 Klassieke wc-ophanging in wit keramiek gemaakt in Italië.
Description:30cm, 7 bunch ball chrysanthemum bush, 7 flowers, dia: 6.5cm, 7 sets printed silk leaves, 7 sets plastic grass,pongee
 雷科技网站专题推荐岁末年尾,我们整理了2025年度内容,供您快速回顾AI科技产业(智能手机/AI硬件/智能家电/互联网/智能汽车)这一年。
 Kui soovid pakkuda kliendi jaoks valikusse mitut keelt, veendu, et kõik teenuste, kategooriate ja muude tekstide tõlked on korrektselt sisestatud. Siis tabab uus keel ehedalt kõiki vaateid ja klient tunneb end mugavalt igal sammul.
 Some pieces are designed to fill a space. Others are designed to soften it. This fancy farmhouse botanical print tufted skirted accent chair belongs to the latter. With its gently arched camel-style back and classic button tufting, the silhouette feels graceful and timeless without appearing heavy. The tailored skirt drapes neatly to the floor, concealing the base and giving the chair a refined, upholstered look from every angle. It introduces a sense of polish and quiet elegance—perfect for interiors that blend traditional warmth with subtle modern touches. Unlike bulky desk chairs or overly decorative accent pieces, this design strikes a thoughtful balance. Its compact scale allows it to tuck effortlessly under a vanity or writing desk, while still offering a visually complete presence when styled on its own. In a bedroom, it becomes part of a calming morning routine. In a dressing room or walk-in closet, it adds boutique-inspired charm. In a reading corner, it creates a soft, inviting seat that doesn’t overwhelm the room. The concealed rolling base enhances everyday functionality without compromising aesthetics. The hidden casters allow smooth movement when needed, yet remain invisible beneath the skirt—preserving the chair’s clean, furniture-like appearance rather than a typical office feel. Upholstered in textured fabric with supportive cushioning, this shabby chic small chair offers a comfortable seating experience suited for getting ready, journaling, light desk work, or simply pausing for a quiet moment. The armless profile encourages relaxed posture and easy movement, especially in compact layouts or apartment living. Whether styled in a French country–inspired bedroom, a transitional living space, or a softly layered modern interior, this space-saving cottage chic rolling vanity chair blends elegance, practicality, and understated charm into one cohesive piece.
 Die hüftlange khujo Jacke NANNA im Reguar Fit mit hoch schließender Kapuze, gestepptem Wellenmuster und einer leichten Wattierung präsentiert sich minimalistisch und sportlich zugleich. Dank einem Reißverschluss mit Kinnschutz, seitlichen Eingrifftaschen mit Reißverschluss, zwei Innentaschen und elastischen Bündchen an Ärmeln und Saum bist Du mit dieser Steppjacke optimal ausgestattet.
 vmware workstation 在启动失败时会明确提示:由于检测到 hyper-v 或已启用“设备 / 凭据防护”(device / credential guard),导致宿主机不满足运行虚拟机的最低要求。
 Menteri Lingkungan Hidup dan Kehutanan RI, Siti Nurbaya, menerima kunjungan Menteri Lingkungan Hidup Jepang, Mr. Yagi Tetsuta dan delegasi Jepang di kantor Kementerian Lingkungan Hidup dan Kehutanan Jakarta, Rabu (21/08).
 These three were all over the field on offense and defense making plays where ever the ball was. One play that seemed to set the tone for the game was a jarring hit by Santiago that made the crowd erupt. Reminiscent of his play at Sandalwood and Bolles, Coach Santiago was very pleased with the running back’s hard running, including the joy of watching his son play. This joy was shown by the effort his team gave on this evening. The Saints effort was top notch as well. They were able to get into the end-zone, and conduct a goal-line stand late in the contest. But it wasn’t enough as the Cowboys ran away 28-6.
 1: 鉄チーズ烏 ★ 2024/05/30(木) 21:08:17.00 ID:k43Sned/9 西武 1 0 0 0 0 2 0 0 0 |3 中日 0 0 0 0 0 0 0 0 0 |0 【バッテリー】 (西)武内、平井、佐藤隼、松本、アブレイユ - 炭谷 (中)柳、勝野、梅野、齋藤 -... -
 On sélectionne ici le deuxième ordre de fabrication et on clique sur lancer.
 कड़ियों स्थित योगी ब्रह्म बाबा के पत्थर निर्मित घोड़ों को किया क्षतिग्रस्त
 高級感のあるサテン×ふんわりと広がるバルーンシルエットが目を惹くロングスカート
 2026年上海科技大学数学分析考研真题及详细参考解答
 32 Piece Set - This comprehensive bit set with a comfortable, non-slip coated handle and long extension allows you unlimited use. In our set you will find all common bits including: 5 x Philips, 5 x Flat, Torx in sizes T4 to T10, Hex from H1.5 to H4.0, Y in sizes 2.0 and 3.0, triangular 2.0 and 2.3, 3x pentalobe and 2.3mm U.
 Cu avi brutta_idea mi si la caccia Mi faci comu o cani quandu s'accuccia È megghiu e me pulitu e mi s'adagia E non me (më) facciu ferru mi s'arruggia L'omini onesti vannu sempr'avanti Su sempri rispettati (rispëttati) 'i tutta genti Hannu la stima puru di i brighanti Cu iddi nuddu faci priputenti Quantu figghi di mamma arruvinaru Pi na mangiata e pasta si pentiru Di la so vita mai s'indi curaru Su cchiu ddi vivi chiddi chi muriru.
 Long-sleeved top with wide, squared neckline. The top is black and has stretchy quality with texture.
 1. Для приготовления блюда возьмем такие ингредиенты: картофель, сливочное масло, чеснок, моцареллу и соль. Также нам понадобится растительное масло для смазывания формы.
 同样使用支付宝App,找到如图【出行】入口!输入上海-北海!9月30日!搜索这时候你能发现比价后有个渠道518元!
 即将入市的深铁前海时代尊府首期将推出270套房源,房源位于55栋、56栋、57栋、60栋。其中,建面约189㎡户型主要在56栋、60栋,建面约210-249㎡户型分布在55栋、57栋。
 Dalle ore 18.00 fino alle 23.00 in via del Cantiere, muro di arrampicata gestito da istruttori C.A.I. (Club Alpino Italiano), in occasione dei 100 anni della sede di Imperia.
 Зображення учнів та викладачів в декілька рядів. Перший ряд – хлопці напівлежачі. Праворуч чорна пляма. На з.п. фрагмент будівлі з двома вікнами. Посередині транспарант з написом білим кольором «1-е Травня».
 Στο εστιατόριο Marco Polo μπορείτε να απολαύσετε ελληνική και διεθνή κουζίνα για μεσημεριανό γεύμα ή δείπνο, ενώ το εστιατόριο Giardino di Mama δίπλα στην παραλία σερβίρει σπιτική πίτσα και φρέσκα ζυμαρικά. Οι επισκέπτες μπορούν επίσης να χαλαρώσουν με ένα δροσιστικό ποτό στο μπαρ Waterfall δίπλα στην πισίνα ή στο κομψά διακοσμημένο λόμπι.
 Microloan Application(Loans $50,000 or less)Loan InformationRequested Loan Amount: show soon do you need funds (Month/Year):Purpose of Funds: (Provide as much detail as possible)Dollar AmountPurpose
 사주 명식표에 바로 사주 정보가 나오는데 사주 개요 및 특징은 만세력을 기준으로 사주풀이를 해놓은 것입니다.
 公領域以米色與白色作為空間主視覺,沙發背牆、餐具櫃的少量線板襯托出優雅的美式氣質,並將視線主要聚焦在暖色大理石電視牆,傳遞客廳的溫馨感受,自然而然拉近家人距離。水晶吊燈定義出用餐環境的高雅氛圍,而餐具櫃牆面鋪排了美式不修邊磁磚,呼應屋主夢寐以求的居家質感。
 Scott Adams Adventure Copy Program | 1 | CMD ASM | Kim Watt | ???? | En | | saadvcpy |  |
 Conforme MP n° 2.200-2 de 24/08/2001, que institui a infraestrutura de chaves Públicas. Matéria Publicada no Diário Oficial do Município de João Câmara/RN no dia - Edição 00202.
= = = = =
Your task
Starting at the line above that contains "Στο εστιατόριο Marco", repeat each line exactly up to and including the line that contains "Scott Adams Adventure", and stop there.

Expected answer
 Στο εστιατόριο Marco Polo μπορείτε να απολαύσετε ελληνική και διεθνή κουζίνα για μεσημεριανό γεύμα ή δείπνο, ενώ το εστιατόριο Giardino di Mama δίπλα στην παραλία σερβίρει σπιτική πίτσα και φρέσκα ζυμαρικά. Οι επισκέπτες μπορούν επίσης να χαλαρώσουν με ένα δροσιστικό ποτό στο μπαρ Waterfall δίπλα στην πισίνα ή στο κομψά διακοσμημένο λόμπι.
 Microloan Application(Loans $50,000 or less)Loan InformationRequested Loan Amount: show soon do you need funds (Month/Year):Purpose of Funds: (Provide as much detail as possible)Dollar AmountPurpose
 사주 명식표에 바로 사주 정보가 나오는데 사주 개요 및 특징은 만세력을 기준으로 사주풀이를 해놓은 것입니다.
 公領域以米色與白色作為空間主視覺,沙發背牆、餐具櫃的少量線板襯托出優雅的美式氣質,並將視線主要聚焦在暖色大理石電視牆,傳遞客廳的溫馨感受,自然而然拉近家人距離。水晶吊燈定義出用餐環境的高雅氛圍,而餐具櫃牆面鋪排了美式不修邊磁磚,呼應屋主夢寐以求的居家質感。
 Scott Adams Adventure Copy Program | 1 | CMD ASM | Kim Watt | ???? | En | | saadvcpy |  |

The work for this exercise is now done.